• **Stored data**
==*==

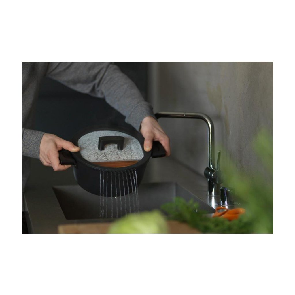 - le fond très épais distribue la chaleur de manière uniforme et efficace
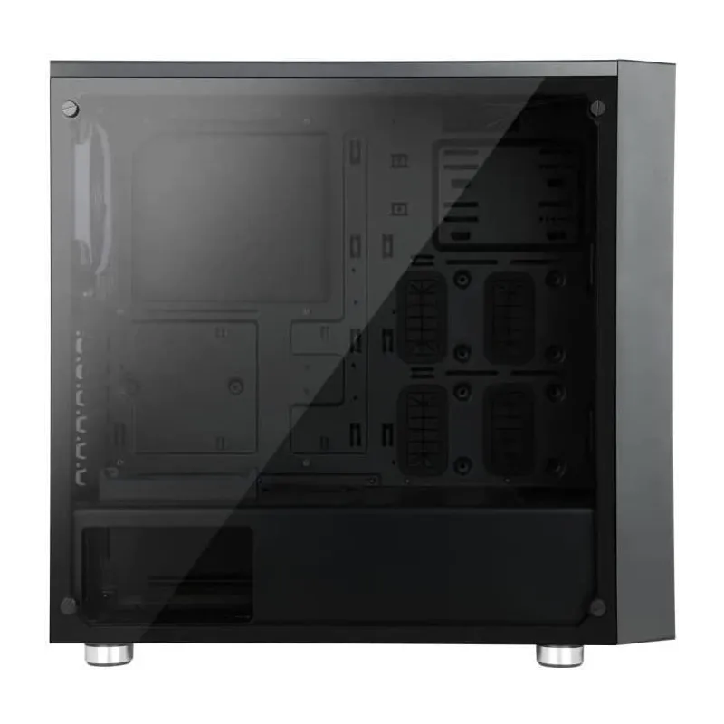 La semitorre, fabricada con plástico ABS y vidrio templado, presenta unas dimensiones de 205 mm × 420 mm × 430 mm, ofreciendo un volumen de 37 L. Es compatible con formatos de placas base Mini ITX, Micro ATX y ATX, y dispone de 7 ranuras PCI para expansiones.
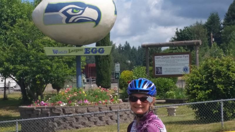World's Largest Egg, Winlock, WA in the background! We are getting ready for STP in 3 weeks. We rode from home through beautiful, low traffic farm country. Lots of hills and valleys. We are so lucky to have such great riding right out our door! We rode 91 miles. SSAttachment 17665
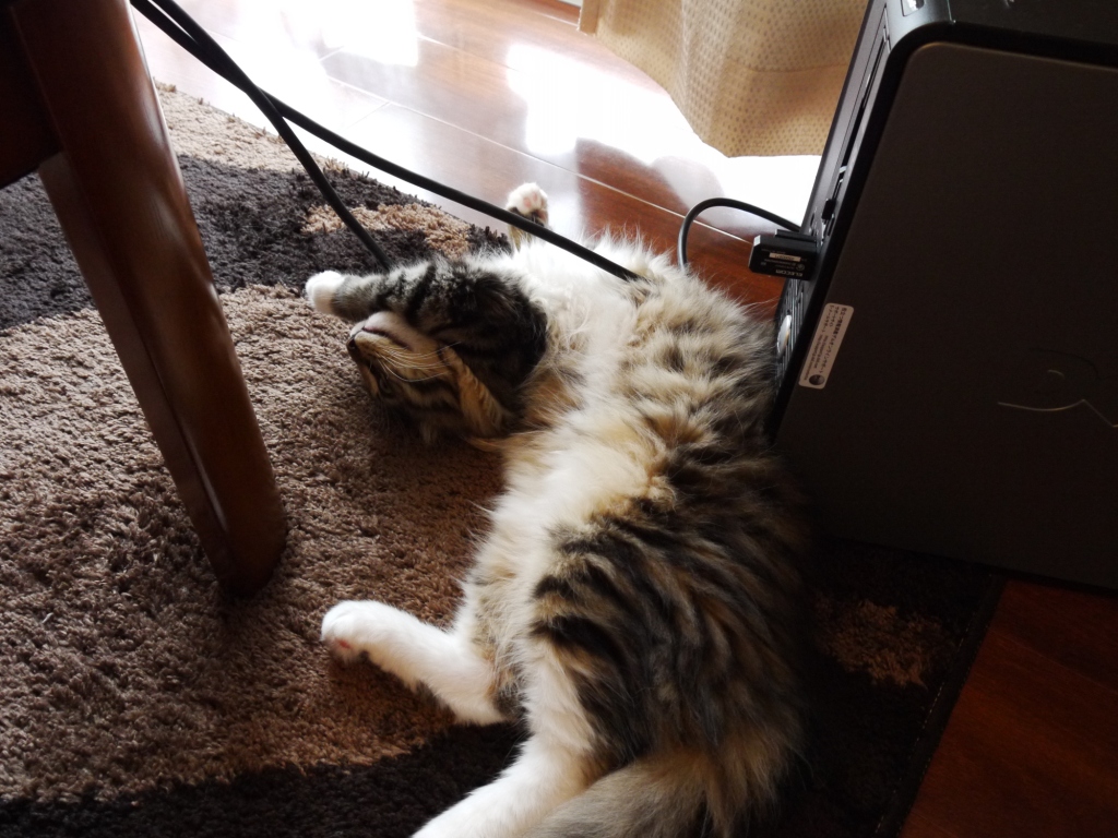 わざわざケーブルにからまって伸びてるのは 腹いせ・・・・?

==*==

• **Task prompt**
If you see a picture in the listing, skip it while copying everything else exactly.

• **Expected answer**
 - le fond très épais distribue la chaleur de manière uniforme et efficace
 La semitorre, fabricada con plástico ABS y vidrio templado, presenta unas dimensiones de 205 mm × 420 mm × 430 mm, ofreciendo un volumen de 37 L. Es compatible con formatos de placas base Mini ITX, Micro ATX y ATX, y dispone de 7 ranuras PCI para expansiones.
World's Largest Egg, Winlock, WA in the background! We are getting ready for STP in 3 weeks. We rode from home through beautiful, low traffic farm country. Lots of hills and valleys. We are so lucky to have such great riding right out our door! We rode 91 miles. SSAttachment 17665
 わざわざケーブルにからまって伸びてるのは 腹いせ・・・・?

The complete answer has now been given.